Hi everyone! I hope you all are well and had a great 2 weeks. Again I am so sorry for not being super consistent in my posts, I pinky promise this will be the last time this happens. Between school and the still current family situation, I had to put them both first instead of putting out an entry last week. I am coming into the home stretch with school as I entire my last marking period, and my workload has definitely ramped up quite a bit before spring break.
An update on Cate: she is still at the hospital and we are going on 6 weeks that she has been in the hospital. She is still in a pattern where it is one step forward, three steps backward. We have a glimpse that she will leave the hospital and she has maybe two good days, and then something else comes up and there is another issue to solve. We as a family are also still working on where Cate will go hopefully when she is released from the hospital in the future, and the solution is coming together.
An update on me: I am overall doing pretty well. I am looking forward to my birthday and summer. I am in the last grading period for school, which is very exciting because I can not wait for it to be over. I usually love school, but the COVID version of school makes me strongly dislike it. My social life has been great. I have been surrounding myself with amazing friends and have been looking ahead to my junior year prom in May. In regards to the still current family situation, I have been feeling very frustrated and irritated.
This situation obviously has been extremely difficult, but what has been wearing on me the most is the length and never ending feeling this time has brought. We are in our sixth week of this entire situation, and all I feel is frustration, and I feel bad or guilty that I feel frustrated. I feel frustrated that over my spring break I could not go visit colleges like all my friends. I feel frustrated that I do not get to have both of my parents at home. I feel frustrated that there is so much unknown. I feel frustrated that my emotions keep changing because the situation we are in keeps changing. It is so hard because at this point in time, I keep thinking selfish thoughts and want things to be better for me and me only, but I have to remain selfless, and it just makes me feel guilty for thinking the way I do.

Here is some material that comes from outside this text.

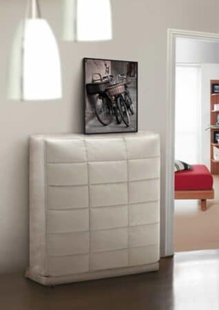 Everynight Retractable Bed by Pol74 has a bedspring in three sizes: 140×200, 90×200 and 80×200. Mattress options include a pocket spring mattress, a removable foam mattress, or a spring mattress that may or may not be removed.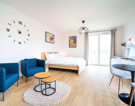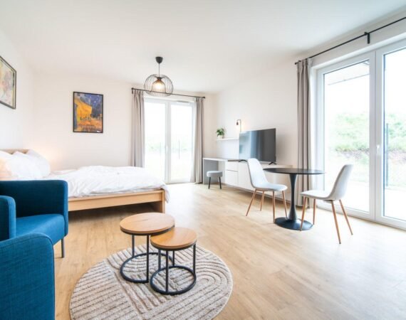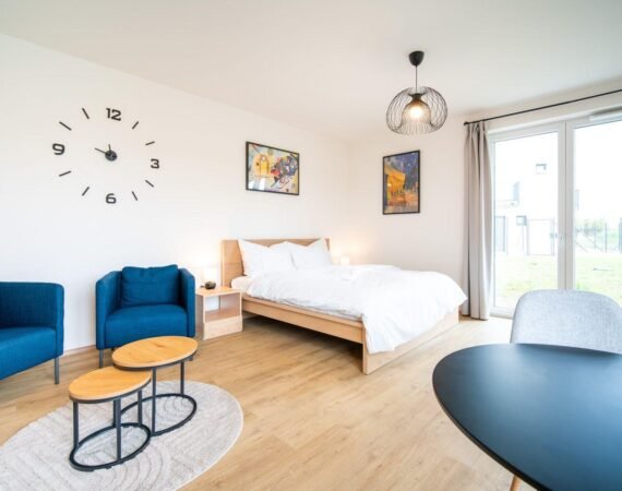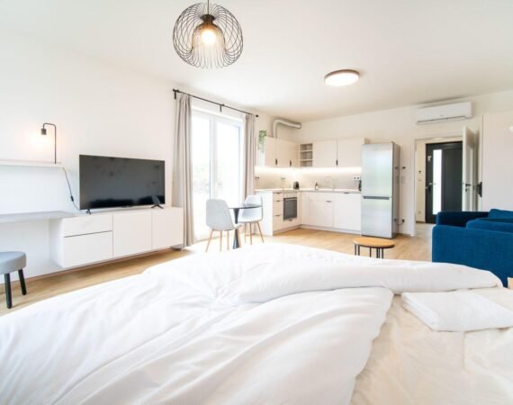 Pokiaľ cestujete s dieťatkom, na vyžiadanie Vám pripravíme detskú postieľku. Všetky apartmány sú identicky vybavené. Čas so svojimi blízkymi si vychutnáte v obývacom priestore či už pri rozhovoroch s blízkymi, alebo pri dobrom filme. Priestor je prepojený s plne vybavenou, modernou kuchyňou, kde nájdete všetko potrebné pre Váš pobyt, ako napríklad jedálenské sedenie, elektrický sporák s rúrou, mikrovlnnú rúru, rýchlovarnú kanvicu, chladničku, umývačku riadu či kávovar. Každý apartmán je vybavený klimatizáciou. Samozrejmosťou ubytovania je kúpeľňa so sprchovacím kútom, toaletou, umývadlom, fénom a uterákmi.

These past 2 weeks have been an emotional battle for me. The week of March 22 was very hard for me. I felt very numb and not like myself. I was irritable and cranky and just overall not Alex. For those who know me in day to day life, I am an extremely happy and chatty person, but I was not any of those things that week. Throughout this entire time, I have kept a brave face on. I remained happy to people outside my family and my overall demeanor did not change. Last week though, was the first time the frustration and the effects of Cate's health showed to other people. I just could not manage to put my brave face on, and people noticed. I was just so drained. I realized that I was keeping myself too busy to the point where I was not allowing myself to cope and/or acknowledge my own emotions. I am always very in-tune with my emotions and thoughts, but I had unknowingly disconnected from them. I realized I needed a little bit of time to think, and luckily I was able to give myself it.
I am currently on spring break, and for the first time in a while I actually had a little bit of time, and this week has been a lot better. My parents also were able to both be home for the day for the first time in 5 weeks because someone else was cleared to stay with Cate. We also got to go eat dinner outside at a restaurant together. I had no plans or places to be all of break, so I just made my schedule at my leisure and did things that made me happy. Another thing that helped me get through that rough period and this entire situation was going to therapy. I was able to speak about my feelings to someone not involved in the situation and it was mentally clearing for me. I have spoken about the importance of therapy before, but I cannot emphasize how important it is to have an emotional outlet in tough situations and just for life in general.
That is pretty much what has been going on these past 2 weeks and I apologize again for my lack of presence in posting here and on Instagram. I just needed a little time and space to straighten out emotions and find my smile again. I have learned throughout my entire life and these past 5 weeks that no matter how hard times become, there is always a reason to smile and find light in a sea of darkness. It is a motto or idea I have always lived by, but these past 5 weeks have shown me how powerful it truly can be.
Thank you for reading. Much love and have a great week ahead.